### TRY IT
Print out the data that follows exactly, character for character, apart from the pictures.

### EXERCISE DATA
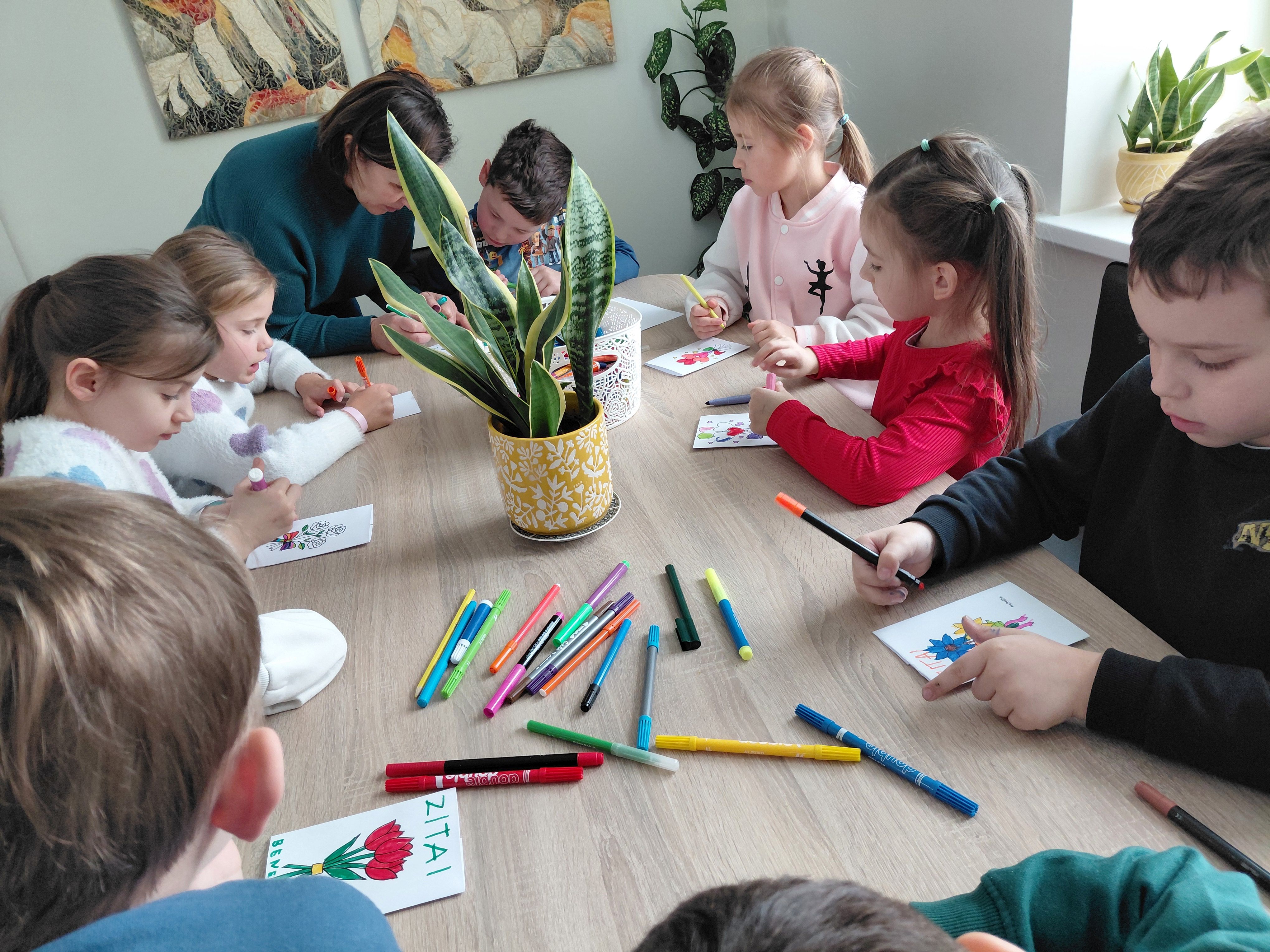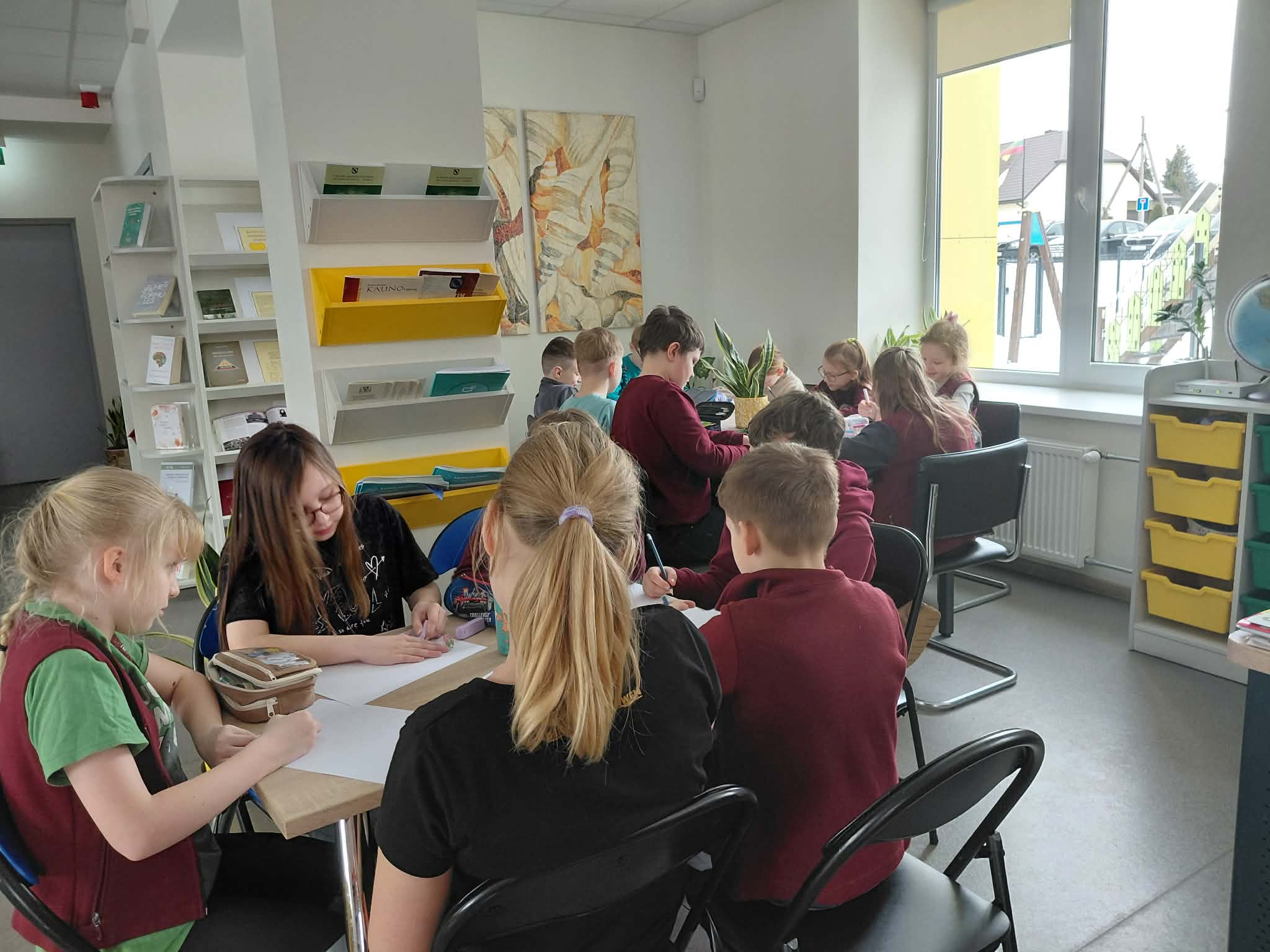 Aptarę perskaitytas pasakas, trečiokai kibo į kūrybinį darbą – kūrė iliustracijas labiausiai patikusioms istorijų akimirkoms. Vaikų piešiniuose atgijo obuolys Antanas, Kriaušelių kaimo gyventojai ir pavasario nuotaikos .Ši popietė tapo gražiu Lietuvių kalbos dienų akcentu – ji priminė, kaip svarbu puoselėti gimtąją kalbą, skaitymo džiaugsmą ir kūrybiškumą.
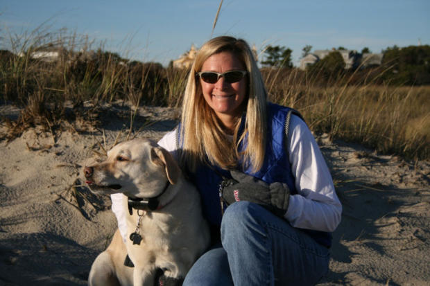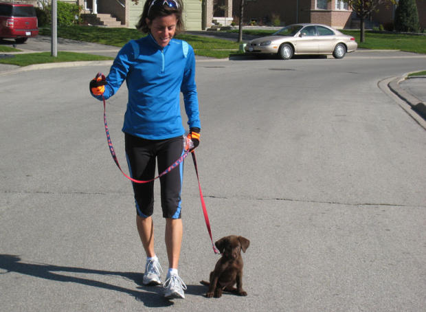Fenway is a 6-month old Chocolate Lab and about to explore the neighborhood with owner Lisa Bentley.
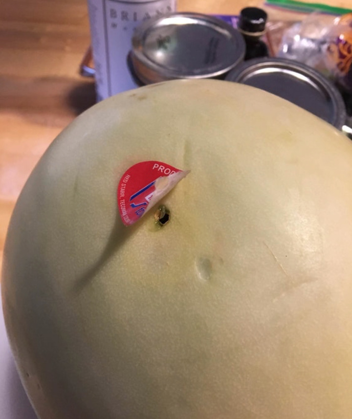 Спритний продавець вирішив замаскувати диню, поеденную хробаком, за допомогою стікера
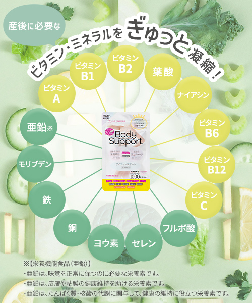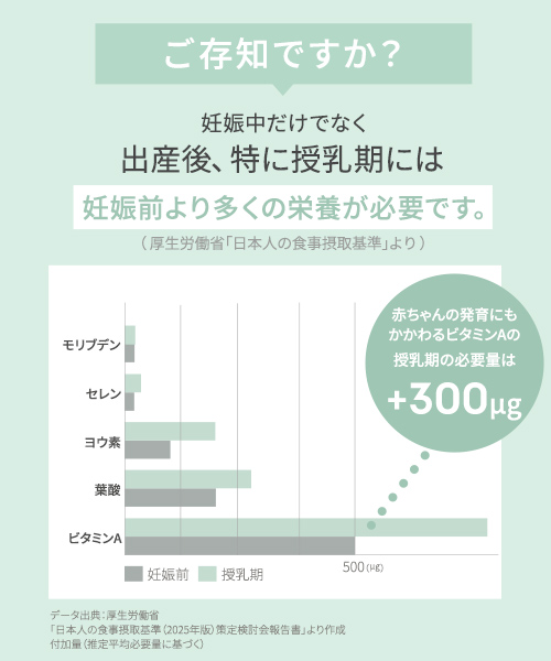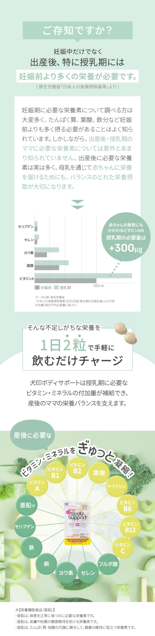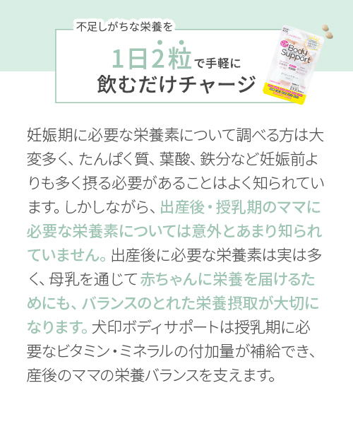1日2粒で産後に意識したいビタミン・ミネラルや日々の栄養を手軽に補える。

### ANSWER TO THIS PROBLEM
 Aptarę perskaitytas pasakas, trečiokai kibo į kūrybinį darbą – kūrė iliustracijas labiausiai patikusioms istorijų akimirkoms. Vaikų piešiniuose atgijo obuolys Antanas, Kriaušelių kaimo gyventojai ir pavasario nuotaikos .Ši popietė tapo gražiu Lietuvių kalbos dienų akcentu – ji priminė, kaip svarbu puoselėti gimtąją kalbą, skaitymo džiaugsmą ir kūrybiškumą.
Fenway is a 6-month old Chocolate Lab and about to explore the neighborhood with owner Lisa Bentley.
 Спритний продавець вирішив замаскувати диню, поеденную хробаком, за допомогою стікера
1日2粒で産後に意識したいビタミン・ミネラルや日々の栄養を手軽に補える。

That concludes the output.